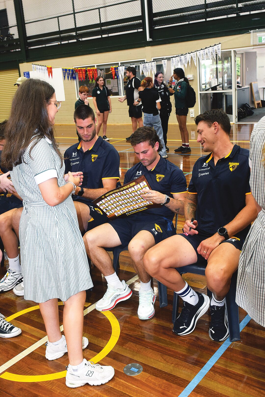 Students of all year levels packed into the school gymnasium to converse with some of the Hawthorn stars, including Dylan Moore, Blake Hardwick, Josh Battle, Massimo D’Ambrosio and Nick Watson.
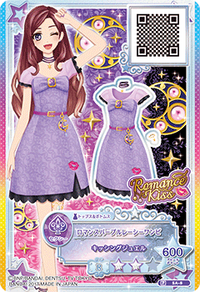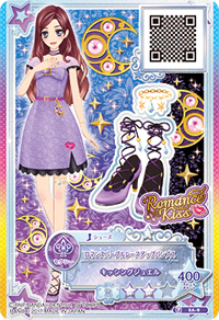 Romance Purple Coord (ロマンスパープルコーデ) is a rare coord made by the sexy brand Romance Kiss. It debuted in Part 2 of the Promotional Collection of the Data Carddass Aikatsu Stars! Wings of Stars series and in Episode 64 of the anime.
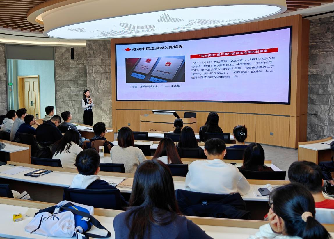 回望奋斗历程 汲取奋进力量。全体参会人员共同观看新中国成立75周年纪录片。随后,2023级法律硕士(法学)第三学生党支部书记武浩松针对新中国成立75周年党的建设成就宣讲专题党课,引导研究生党员和积极分子深入学习党的发展历程,汲取“四史”营养。各党支部成员分享自身学习的心得体会,在交流互鉴中坚定理想信念,激发学习热情。
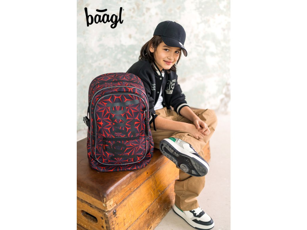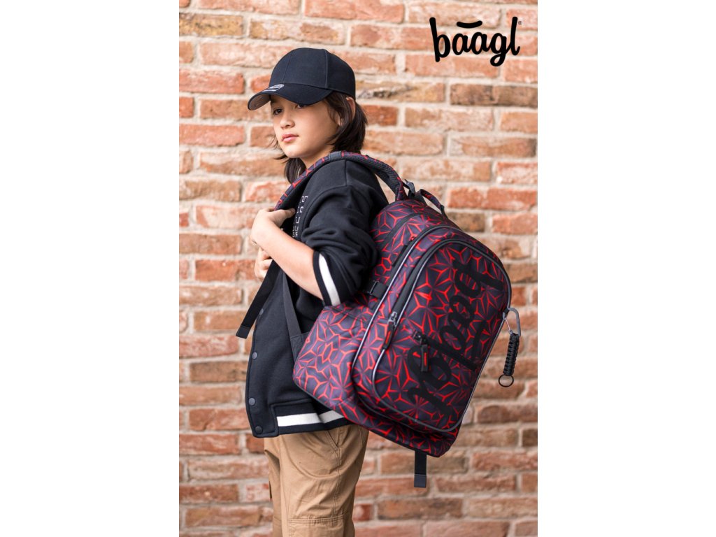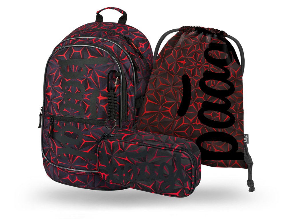 BAAGL 3 SET Core Red Polygon: batoh, penál, sáček
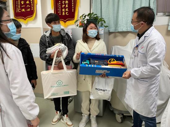 2022年新年伊始,省妇幼保健院临床一支部和机关四支部联合开展“罕见的病,常见的爱”主题党日活动,两个支部的党员为我院接受的基层转诊罕见病患儿一家送上温暖。在黎明副院长带领下,当机关四支部组织委员邹团标将爱心慰问品送到患儿父亲手中时,他不禁热泪盈眶,说道“自孩子到医院就诊到现在平安出院,一直受到你们医护人员额外的照顾,真的很感动,谢谢你们!这是我们表达谢意送的锦旗也请你们收下!”
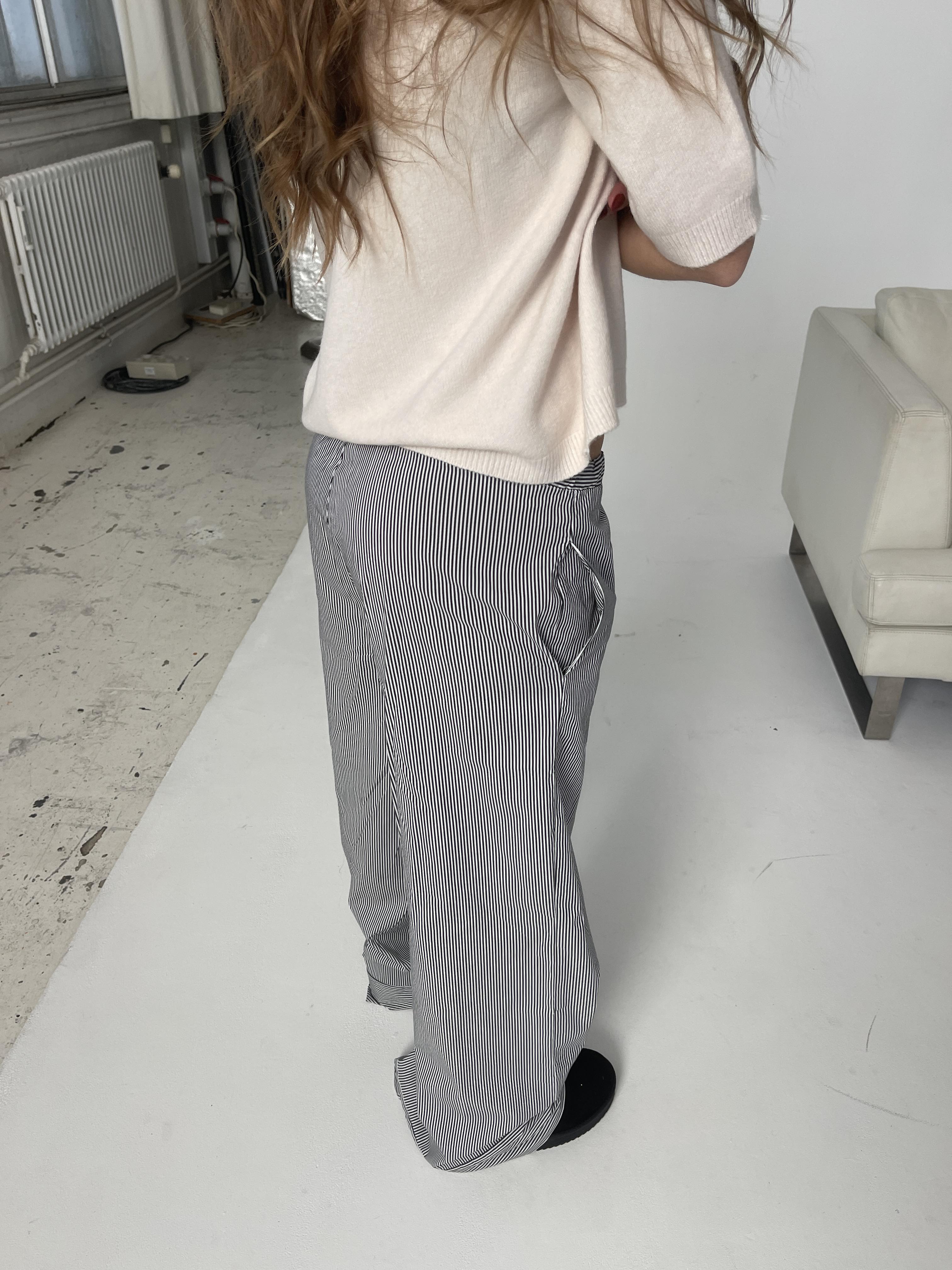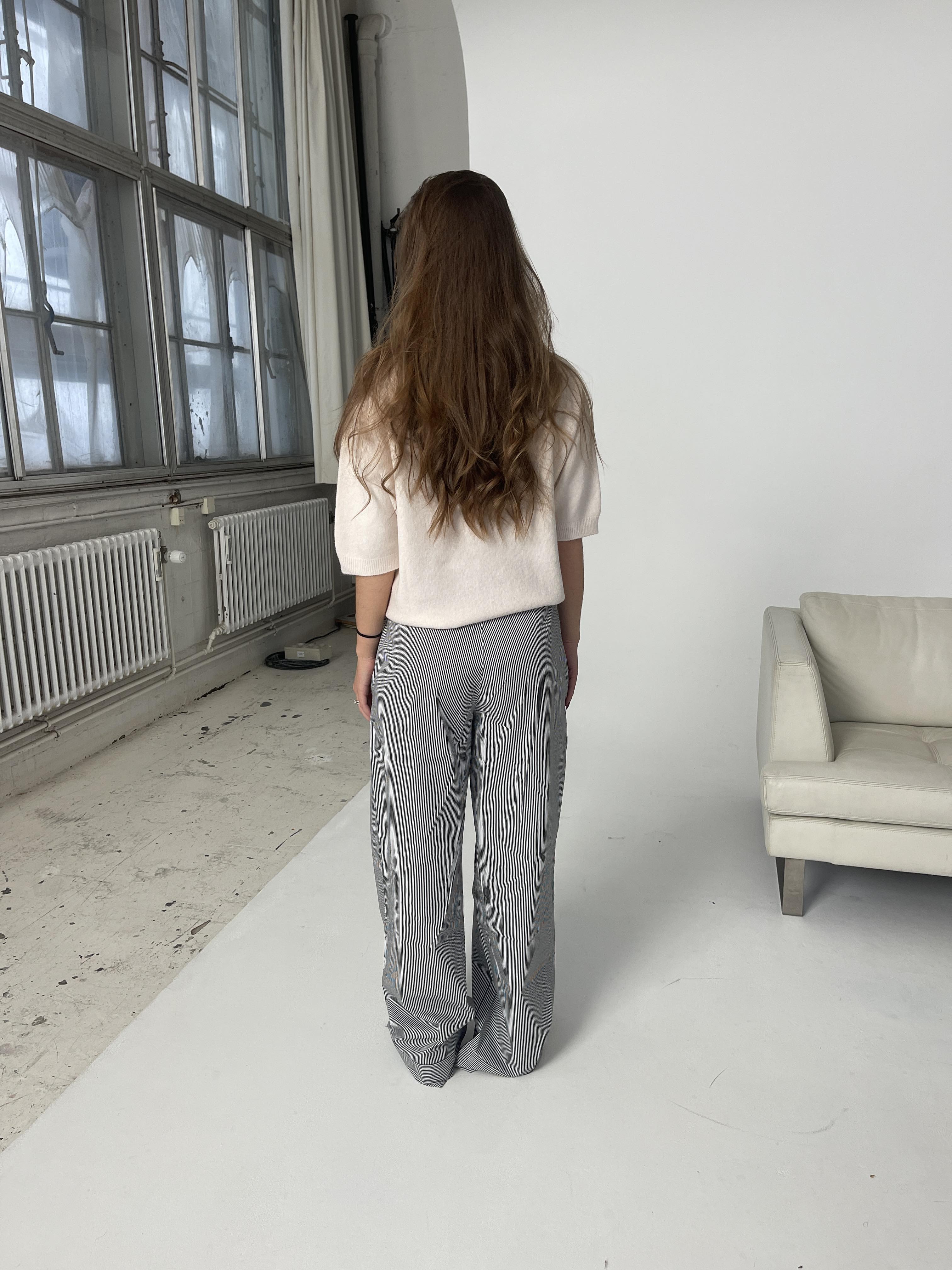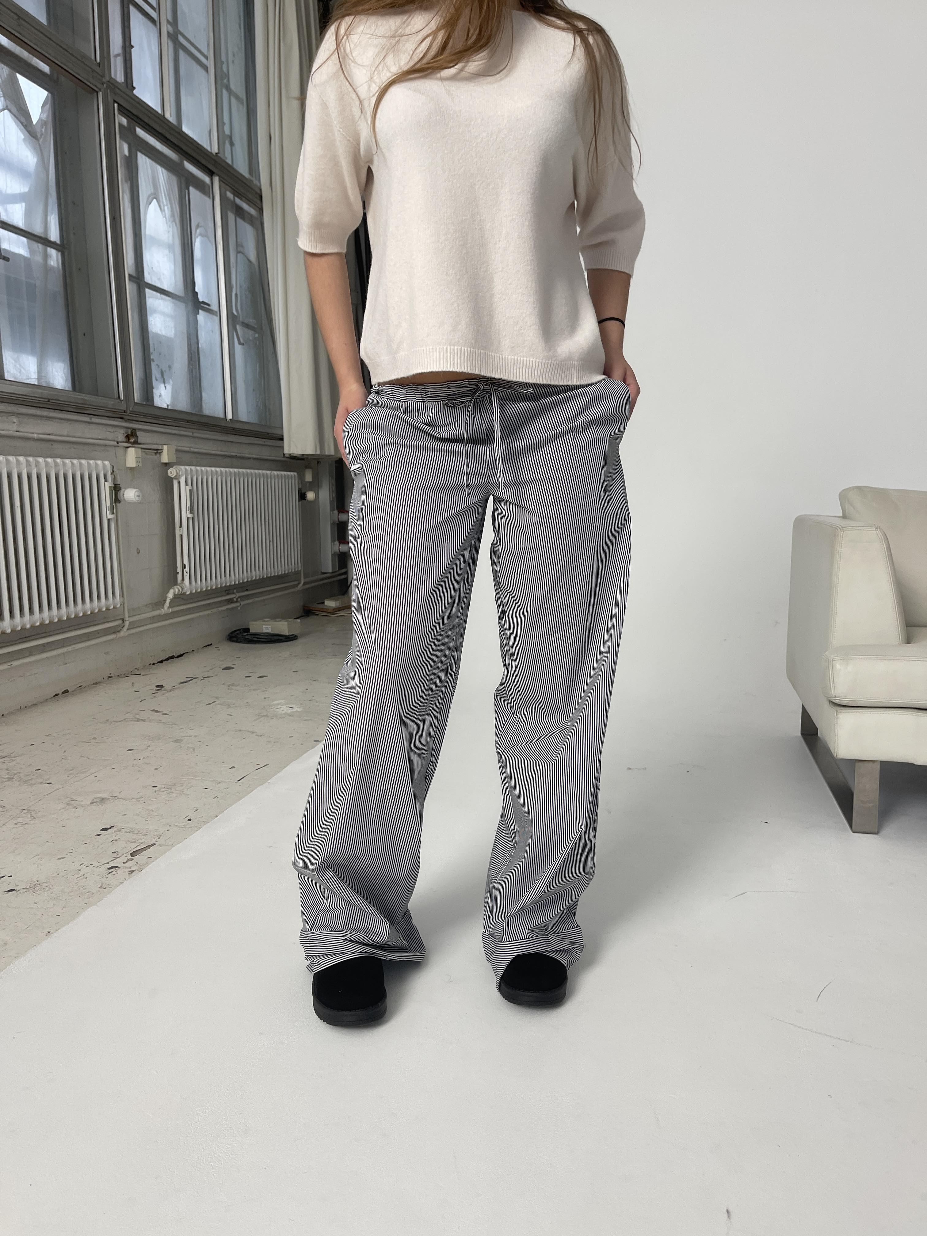 These pants have a low waist with a loose and straight fit. The pants have an elastic waistband with horizontal stripes that can be tied with a drawstring. The rest of the pants have vertical stripes, except for the bottom, which also has horizontal stripes. The pants have 2 side pockets.
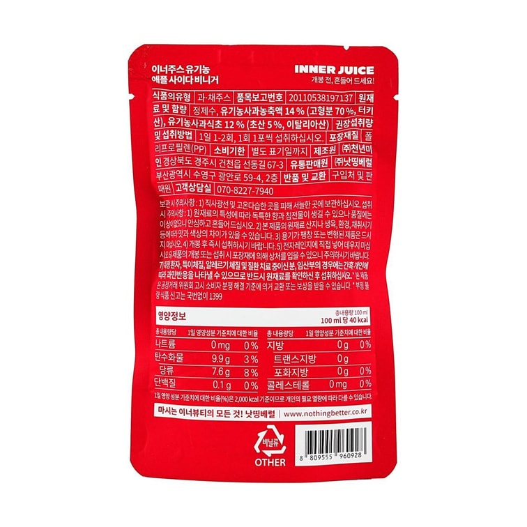 Organic Apple Cider Vinegar Pouch Drink, Inner Juice,3.38 fl oz【100% Natural Fermentation】【Olive Young Selected】
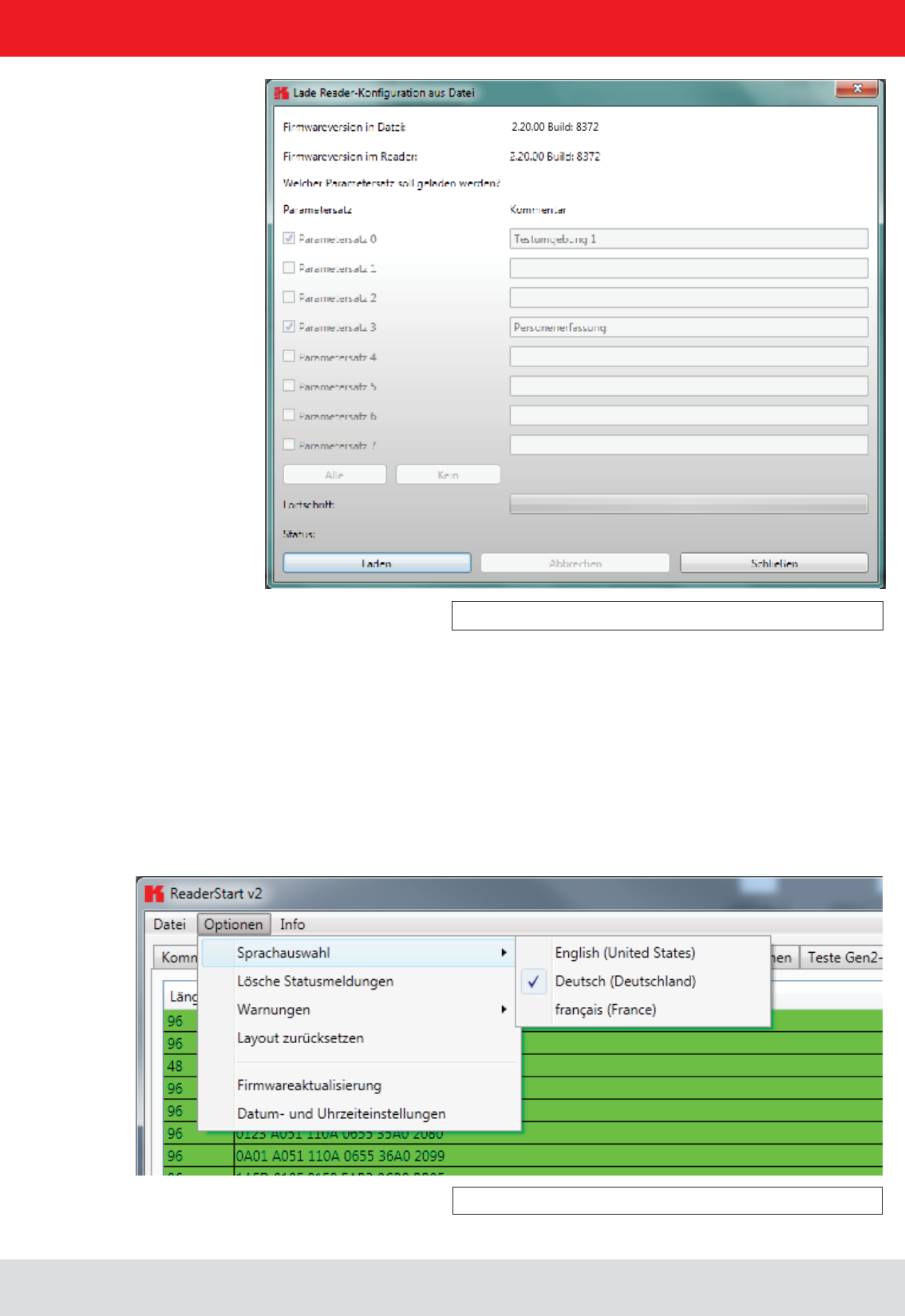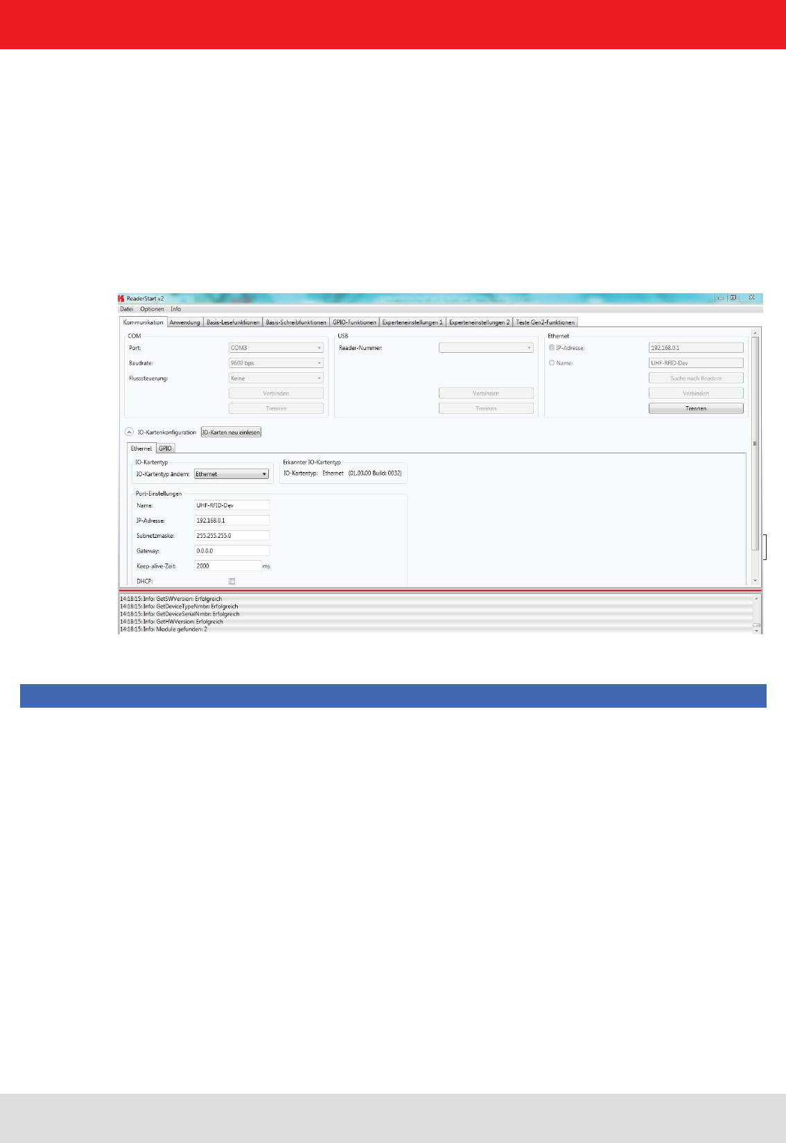 When the build process was successful, the program can be transferred to the reader. A possible way to transmit the

* * * * * * * * *

**ASSIGNMENT**:
The records above should be returned word for word, with every picture left out.

**SOLVED EXERCISE**:
 Students of all year levels packed into the school gymnasium to converse with some of the Hawthorn stars, including Dylan Moore, Blake Hardwick, Josh Battle, Massimo D’Ambrosio and Nick Watson.
 Romance Purple Coord (ロマンスパープルコーデ) is a rare coord made by the sexy brand Romance Kiss. It debuted in Part 2 of the Promotional Collection of the Data Carddass Aikatsu Stars! Wings of Stars series and in Episode 64 of the anime.
 回望奋斗历程 汲取奋进力量。全体参会人员共同观看新中国成立75周年纪录片。随后,2023级法律硕士(法学)第三学生党支部书记武浩松针对新中国成立75周年党的建设成就宣讲专题党课,引导研究生党员和积极分子深入学习党的发展历程,汲取“四史”营养。各党支部成员分享自身学习的心得体会,在交流互鉴中坚定理想信念,激发学习热情。
 BAAGL 3 SET Core Red Polygon: batoh, penál, sáček
 2022年新年伊始,省妇幼保健院临床一支部和机关四支部联合开展“罕见的病,常见的爱”主题党日活动,两个支部的党员为我院接受的基层转诊罕见病患儿一家送上温暖。在黎明副院长带领下,当机关四支部组织委员邹团标将爱心慰问品送到患儿父亲手中时,他不禁热泪盈眶,说道“自孩子到医院就诊到现在平安出院,一直受到你们医护人员额外的照顾,真的很感动,谢谢你们!这是我们表达谢意送的锦旗也请你们收下!”
 These pants have a low waist with a loose and straight fit. The pants have an elastic waistband with horizontal stripes that can be tied with a drawstring. The rest of the pants have vertical stripes, except for the bottom, which also has horizontal stripes. The pants have 2 side pockets.
 Organic Apple Cider Vinegar Pouch Drink, Inner Juice,3.38 fl oz【100% Natural Fermentation】【Olive Young Selected】
 When the build process was successful, the program can be transferred to the reader. A possible way to transmit the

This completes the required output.